I found this particularly absurd paragraph in their privacy policy[1]:

> Where the Truecaller Apps are obtained from other sources than Apple App
> Store or Google Play, You may share the names, numbers and email addresses
> contained in Your device’s address book (“Contact Information”) with
> Truecaller for the purpose described below under Enhanced Search. If you
> provide us with personal information about someone else, you confirm that
> they are aware that You have provided their data and that they consent to
> our processing of their data according to our Privacy Policy.

So by using the app you not only provide your entire contact database, but
you're saying all your contacts are aware of it and they've agreed to the
policy.
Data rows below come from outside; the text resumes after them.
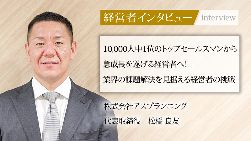 保険代理店事業を展開し、設立からわずか5年で急速な成長を遂げ、業界で注目を集めている株式会社アスプランニング。その成長を牽引する代表取締役の松橋良友氏は、弱冠20歳で10,000人の中でトップの営業成績を収めた実績がある人物だ。常識にとらわれず、独自の視点で事業を展開する松橋社長に、これまでの道のりや組織運営、そして業界の未来について話を聞いた。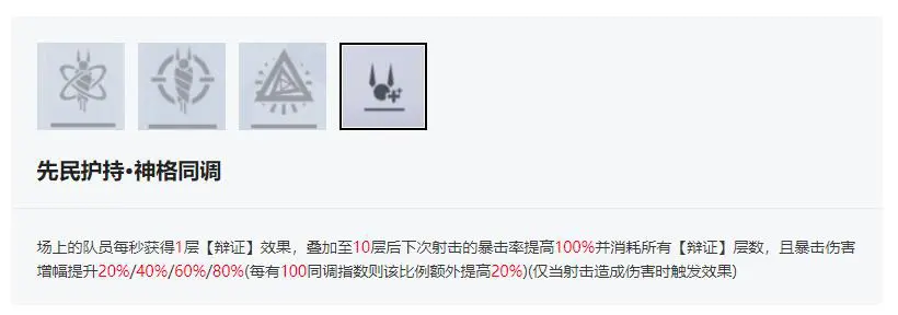 每10s给主C提供一次双暴增幅。乍一看暴伤增幅很高,但需要注意的是这游戏暴击伤害是由基础暴击伤害和增幅进行乘算的,所以对暴伤最高的狙击枪收益最高,霰弹则因为暴伤较低,收益一般。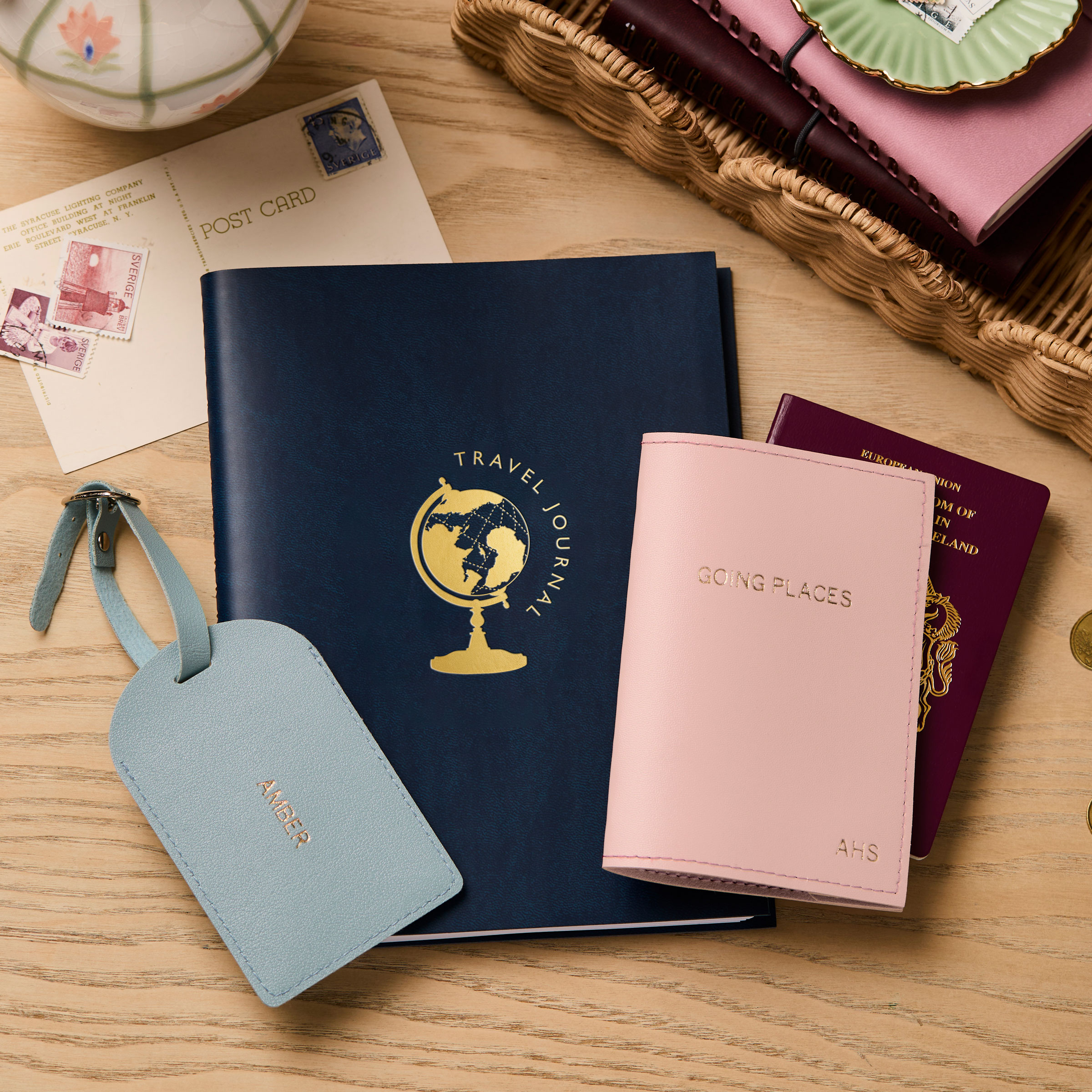 Included in the gift set is a foil-embossed personalised travel journal filled with inspiring prompts, a personalised passport holder and a personalised luggage tag. All three items are made from vegan-friendly faux leather, personalised with initials of your choice and packed into a gift box.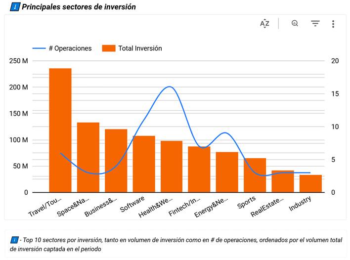 - Sectores más activos: Los sectores de Travel & Tourism y Space & Navegation destacaron en capital invertido, mientras que Health & Wellbeing y Software fueron los más activos en número de operaciones.

I guess before you install it you have to call up everyone you know
and ask if it's okay. It applies to new contacts too - getting a girl's phone
number might be a bit awkward now that you have to ask if she accepts the
privacy policy for a smartphone app you use.

Of course, it only applies if you don't get the app from the App Store/Google
Play - because both of those ban this behavior. However if the app comes pre-
installed with your phone, this policy could easily be baked into the terms
you agree to during setup.

[1]: [http://www.truecaller.com/privacy-
policy](http://www.truecaller.com/privacy-policy)

Edit: I actually didn't find anything in their privacy policy specifically
referring to the web-based search on truecaller.com. Since their policy only
mentions not harvesting your contact info if you use the App Store or Google
Play, I have to assume the worst - especially since I can't think of any other
reason why the web search would need full contact access.

------
ChuckMcM
This could have been such a killer app for Google Voice, you make hit *22 or
something after a call to indicate its a spammer/sales/robocall and totally
improve the experience for everyone else who doesn't have to listen even to
the ring.

------
pjc50
Doesn't solve the _real_ caller identification problem I have: is this going
to be a marketing call / PPI fraud / robodialler / attempt to social engineer
me by telling me my PC has a virus.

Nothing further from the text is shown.